The new State Health Care Cost Containment Commission aims to create practical solutions for states to manage today’s crushing healthcare costs.
While there is seemingly no end to the number of leadership groups that hope to influence healthcare delivery, a new commission has emerged with more credibility than the average think tank.
Committee roll call for the State Health Care Cost Containment Commission reads like a who’s who with former governors, a former secretary of Health and Human Services, health system CEOs and health plan CEOs all in attendance. Their goal, they say, is to create practical solutions for states to manage today’s crushing healthcare costs.
States are in a situation where they must cut other programs such as education and infrastructure to maintain healthcare services, says Mike Leavitt, former Utah governor and former secretary of the Department of Health and Human Services.
He speaks of his own experiences.
“Medicaid was a low single digit item, but is now in the state where I governed, like in most states, 20% of the budget,” he says.
Leavitt says the reasons to effect healthcare cost containment at the state level include the fact that:
• States can act as laboratories for national policy change;
• Most states will be operating their own insurance exchanges with an eye on costs; and
• One-third of individuals receiving care over the next several years will be covered by a state or state entity.

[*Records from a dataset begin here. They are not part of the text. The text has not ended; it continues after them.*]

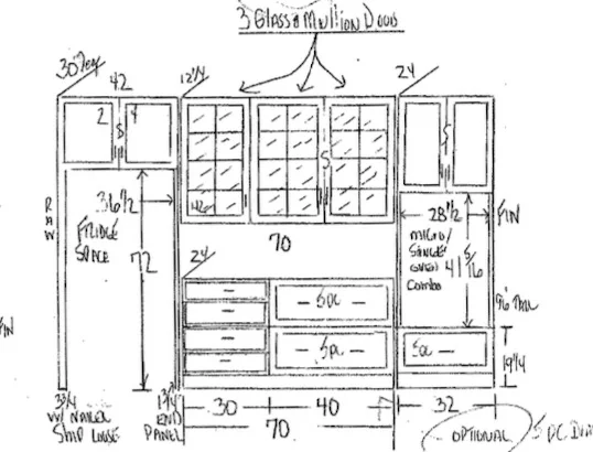 Below is a sketch of what our kitchen design looks like. This is just one of two wall of perimeter cabinets that we will have. We opted for glass doors on three of the uppers, along with one drawer bank to the right of the fridge. For larger pots and pans, we have the two extra large drawers to the left of the microwave/oven combo.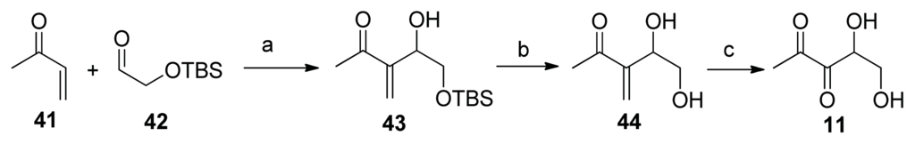 Doutheau published a short, three-step synthesis of AI-2 based on the Baylis-Hilman reaction (Scheme 5) []. Commercially available silyl protected aldehyde 42 and enone 41 afforded Baylis–Hilman product 43 in 74% yield. 43 was then deprotected by TBAF to give diol 44 in a 78% yield. Compound 44 was then subjected to reductive ozonolysis, using dimethyl sulfide, to give racemic DPD in an overall yield of 58%. Vanderleyen and co-workers reported a convenient synthesis of AI-2 starting from commercially available acetal ester 45, which was transformed into an olefin 47 in two steps (Scheme 6). Hydrolysis of the dioxolane ring in 47 on an acidic Dowex resin to give α,β-unsaturated carbonyl 44, followed ozone-mediated cleavage of the double bond to give DPD (Scheme 6) [].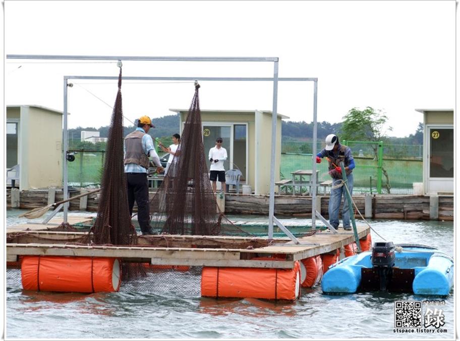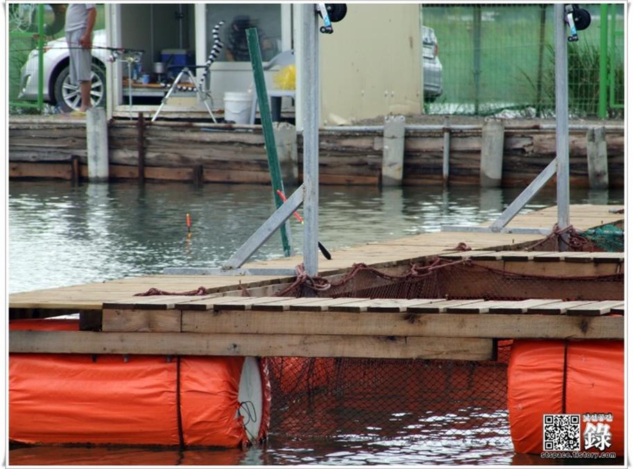 가두리 우측에 앉은 우리는 가두리 넘어서 건너편 방갈로 앞까지 찌를 장타를 날린 뒤에 살살 끌어당겨줌으로써, 찌가 가두리 쪽으로 흘러가게 한 다음 살살 끌어들이는 방법을 사용했습니다.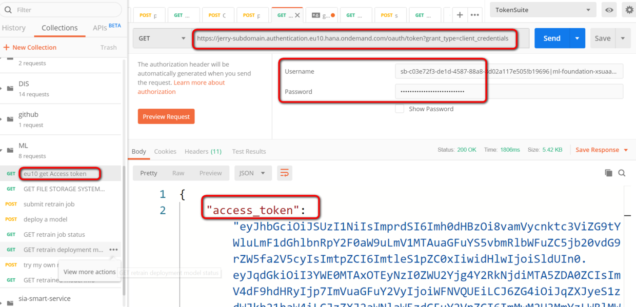 在SAP Cloud Platform cockpit里创建了service key后,会得到这个client id和secret。 要消费机器学习api,先要获得Access Token: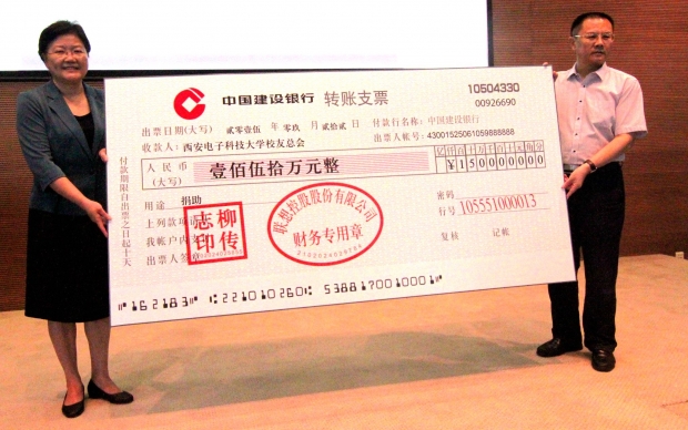 活動期間,鄭曉靜與柳傳志夫婦進行了親切會談。鄭曉靜講到,西電近幾年在科研、學科、人才等各項指標上均有大幅提升,特別是信息感知技術協同創新中心以行業產業第一、全國第二的成績被認定為國家“2011協同創新中心”更是振奮人心,這是西電長期沉淀積累的爆發,全體師生卯足了勁,要在學校發展中不斷創新,尋求突破。也希望能夠與校友、校友企業開展深入的合作。柳傳志愉快地回憶起當年上學的情景,永遠難忘的師生間情誼,他說母校在我們每個人的成長歷程中是永遠的精神家園,在身上烙下的誠信、擔當、責任的西軍電印記影響著學生一生,這也是聯想在發展企業文化中不斷貫徹的精神,非常希望母校越來越好,也非常愿意為母校的發展盡自己的一份力量。為支持母校發展,在柳傳志的倡導下,聯想控股股份有限公司向學校捐贈150萬用于支持學校校友工作。

The pressure on state governors to control costs is high and certain to increase.
George Halvorson, outgoing CEO of Kaiser Permanente, says the commission will produce comprehensive blueprints that states can adapt to their own environments.
“It’s important to have a continuum of options that have appeal across the political spectrum,” Halvorson says.

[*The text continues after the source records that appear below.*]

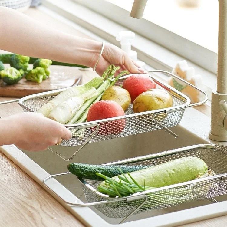 KIT 2 Escorredor de pia inox peneira Alça retrátil fruteira alimentos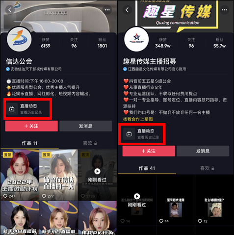 某公会长表示,他近期就自己在抖音上开播,通过聊天的方式,配合连麦互动为自己的公会招募主播。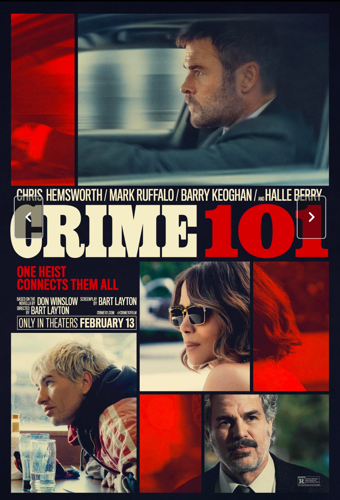 Crime 101–I was surprised by how much I enjoyed this film. The screenplay truly was phenomenal.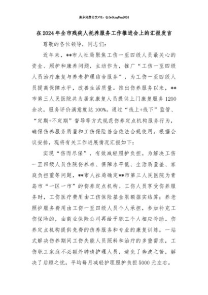 【七哥公文】2024年:在2024年全市残疾人托养服务工作推进会上的汇报发言+更多免费公文+VX:QiGeGongWen2024
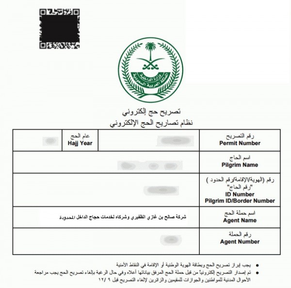 عندئذ ستظهر أمامك كافة البيانات الخاصة بتصريح الحج.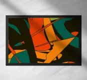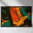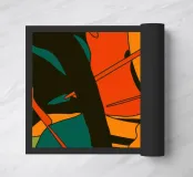 A moody and dynamic abstract pattern of overlapping leaf shapes in a warm, autumnal palette of orange, green, and black. The artwork is energetic and full of organic movement.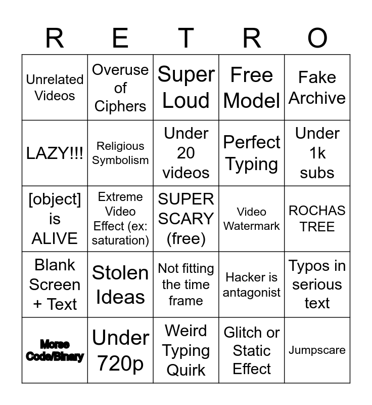 This bingo card has a free space and 29 words: Morse Code/Binary, Parasite, Extreme Video Effect (ex: saturation), Actually Good, Unrelated Videos, Super Loud, Religious Symbolism, Stolen Ideas, Video Watermark, Under 720p, ROCHAS TREE, Jumpscare, Weird Typing Quirk, Glitch or Static Effect, Under 1k subs, No vids over 5 mins, Not fitting the time frame, Blank Screen + Text, Fake Archive, [object] is ALIVE, Hacker is antagonist, Objectively Not Scary, Perfect Typing, LAZY!!!, Free Model, Overuse of Ciphers, Typos in serious text, Under 20 videos and Symbolism for Depression.

Specifically, the tool kits will include a framework for innovative payment mechanisms such as bundled payment, accountable care and pay for performance. Halvorson says states must also examine malpractice policy and ways to facilitate providers’ sharing of best practices and clinical knowledge.
In some cases, the commission’s solutions might lead to policy changes at state levels enacted by state law or executive orders, he says.
However, the task at hand is to sketch out solutions for states-not the federal government. Raymond Scheppach, former executive director of the National Governors Assn., who will direct the project, says committees won’t examine entitlement, for example, but might make recommendations that reinforce state efforts.
“A lot of states have asked for all-payer data from Medicare and have not been able to get it,” he says. “Since they’re such a large payer, it’s important that that happen.”
Halvorson says the commission is unlikely to arrive at “academic” solutions or theoretical recommendations because the participants themselves are currently working in the real world of healthcare and cost growth. Many come from the private market where they design and test policies in the business setting.
The commission will produce recommendations by November then work with state and regional organizations to put the tools to use.
“The national debate about healthcare reform has occurred principally at the federal level, and that national debate, while it continues, is somewhat settled,” says Andrew Dreyfus, president and CEO of Blue Cross Blue Shield of Massachusetts. “The locus of activity increasingly will turn to the states.”